Правительство недолго придерживалось своего первоначального твердого решения против национализации. Декларация 2 июля наряду с предоставлением автономии Украине решила и вопрос о национализации войск: «Правительство признает возможным продолжать содействие к более тесному национальному объединению украинцев в самой среде армии или к призыву в отдельные части исключительно украинцев, поскольку такая мера не наносит ущерба боеспособности армии… и признает возможным привлечь к выполнению этих задач самих украинских солдат, командируемых Центральной радой в военное министерство, Главный штаб и Ставку».

Началось великое «переселение народов».

Другие украинские агенты разъезжали по фронту, организуя украинские громады и комитеты, добиваясь принятия резолюций о переводе в украинские части или об отказе идти на фронт под предлогом того, что «Украину душат», и т. д. К октябрю украинский комитет Западного фронта уже призывал к вооруженному нажиму на правительство для немедленного заключения мира. Петлюра утверждал, что в его распоряжении имеется 50 000 украинских войск. Между тем командующий войсками Киевского военного округа полковник Оборудчев[43] свидетельствует следующее: «В то время, когда делались героические усилия сломить врага (июньское наступление), я не мог отправить ни одного солдата на подкрепление действующей армии. Как только я отдавал приказ какому-нибудь запасному полку выделить маршевые роты на фронт, полк, до того мирно живший без всяких помышлений об украинизации, собирал митинг, вывешивал желто-голубой украинский флаг и заявлял: "Идем под украинским флагом!"

«И после этого не двигался с места. Проходили недели, месяц, а части не трогались — ни под красным, ни под желто-голубым флагом».

Можно ли было бороться с этой нескрываемой заботой о собственной безопасности? Ответ снова дает Оборудчев — ответ, весьма характерный в своей безжизненной партийной догматичности:

«Конечно, я мог применить силу, чтобы мои приказы выполнялись. И эта сила была в моих руках». Но «применяя силу против неповинующихся, действующих под украинским флагом, рискуешь навлечь на себя упрек в том, что борешься не с проявлениями анархии, а с национальной свободой и самоопределением наций. А для меня, эсера, рисковать таким упреком, да еще на Украине, с которой была связана вся моя жизнь, было невозможно. И поэтому я решил подать в отставку».[44]
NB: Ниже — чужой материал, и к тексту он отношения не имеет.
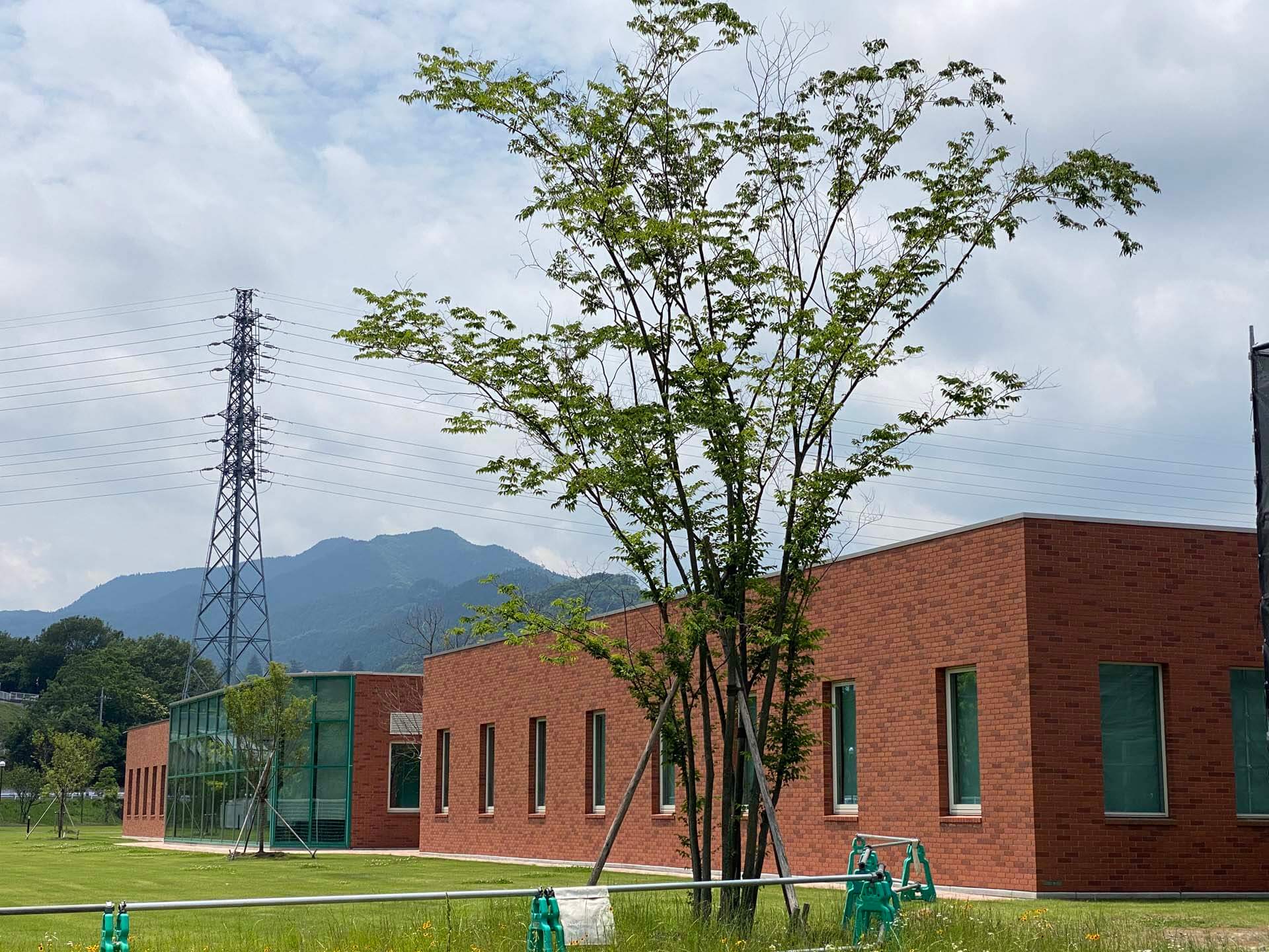 工業団地のみどり多き植栽の中に、赤レンガの品質管理棟がひときは華やいで

И он подал в отставку. Правда, лишь в октябре, незадолго до большевистского переворота, пробыв на посту командующего войсками важнейшего прифронтового округа почти пять месяцев.

В развитие правительственных распоряжений Ставка выделила на каждом фронте особые дивизии для украинизации, а на Юго-Западном фронте — еще и 34-й армейский корпус, находившийся под командованием генерала Скоропадского. В эти части, располагавшиеся преимущественно в глубоком резерве, солдаты стекались со всего фронта без всяких отпусков, самовольно. Надежды оптимистов с одной стороны и страхи левых кругов с другой на то, что национализация создаст «твердые части» (контрреволюционные в терминологии левых), быстро рассеялись. Новые украинские войска были проникнуты теми же элементами разложения, что и регулярные.
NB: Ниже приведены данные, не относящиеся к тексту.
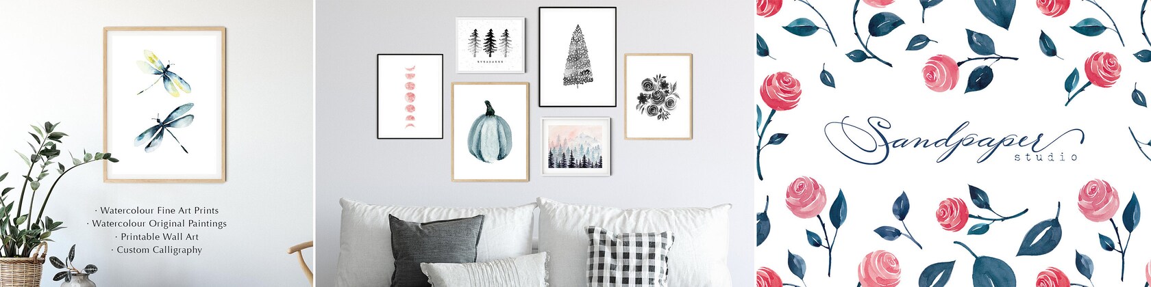 Thank you for dropping by my shop! Sandpaper Studio was born out of a need to reconnect with my artistic roots via a consistent daily practice, and to transform that practice into an artistic business to share my work with others. I've been drawing and painting for as long as I can remember and have often found comfort and grounding in reaching for a pencil, or a paint brush, and a pad of paper. I've explored many artistic mediums over the years and have happily planted myself within the interconnected worlds of lettering/calligraphy, and watercolour design. My work is whimsical, inspired by the world and nature, and dances between minimalism and classic detail.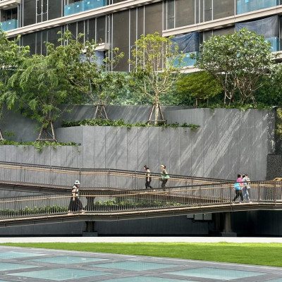 ပန်းခြံထဲမှာ လမ်းလျှောက်ပြီး ရှုခင်းတွေကြည့်လို့ရတယ်။ ပန်းခြံက တိုက်အမြင့်ပေါ်မှာဆိုတော့ မျက်နှာချင်းဆိုင်က Lumpini ပန်းခြံနဲ့ ဘန်ကောက်မြို့ ရှုခင်း နှစ်ခုစလုံးကို အရင်က မမြင်ဖူးတဲ့ ပုံစံနဲ့ အပေါ်စီးကနေ ကြည့်လို့ ရတယ်။​
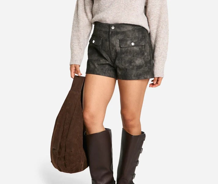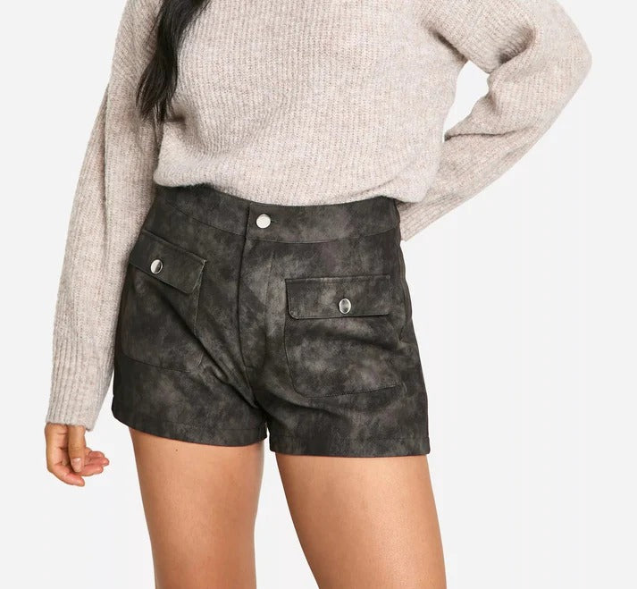 Women's Charcoal Grey Leather Shorts – Sleek, Trendy & Versatile Fit

Между тем среди офицеров и старых солдат многих прославленных полков с великим историческим прошлым, превращенных теперь в украинские части, эта мера вызывала острую боль и осознание того, что конец армии близок.[45] В августе, когда я командовал Юго-Западным фронтом, ко мне стали поступать дурные вести из 34-го армейского корпуса. Корпус словно ускользал из-под прямого подчинения, получая и указания, и пополнения напрямую от «генерального секретаря Петлюры». При штабе корпуса, над которым развевался «желто-голубой флаг», состоял его комиссар. К прежним русским офицерам и унтер-офицерам, оставленным в полках ввиду отсутствия украинского командного состава, часто малограмотные украинские прапорщики, поставленные над ними, и солдаты относились с презрением. В этих частях накапливалась крайне нездоровая атмосфера взаимной враждебности и отчуждения.

Я вызвал генерала Скоропадского и предложил ему смягчить бурный ход процесса украинизации и в особенности либо восстановить права командиров, либо освободить их от службы в корпусе. Будущий гетман заявил, что о его деятельности сложилось ошибочное мнение, вероятно, из-за исторического прошлого фамилии Скоропадских,[46] что он истинный русский, офицер гвардии и совершенно свободен от каких-либо стремлений к самоопределению, что он лишь исполняет приказы, к которым сам не испытывает никаких симпатий. Но сразу же после этого Скоропадский отправился в Ставку, откуда в мой штаб поступили указания оказывать содействие скорейшей украинизации 34-го армейского корпуса.

Вопрос о польских формированиях стоял несколько иначе. Временное правительство провозгласило независимость Польши, и поляки теперь считали себя «иностранцами»; польские формирования давно существовали на Юго-Западном фронте, хотя и разваливались (за исключением польских улан); дав разрешение украинцам, правительство не могло отказать полякам. Наконец, Центральные державы, создавая видимость польской независимости, также имели в виду формирование польской армии, которое, впрочем, закончилось неудачей. Америка также формировала польскую армию на французской территории.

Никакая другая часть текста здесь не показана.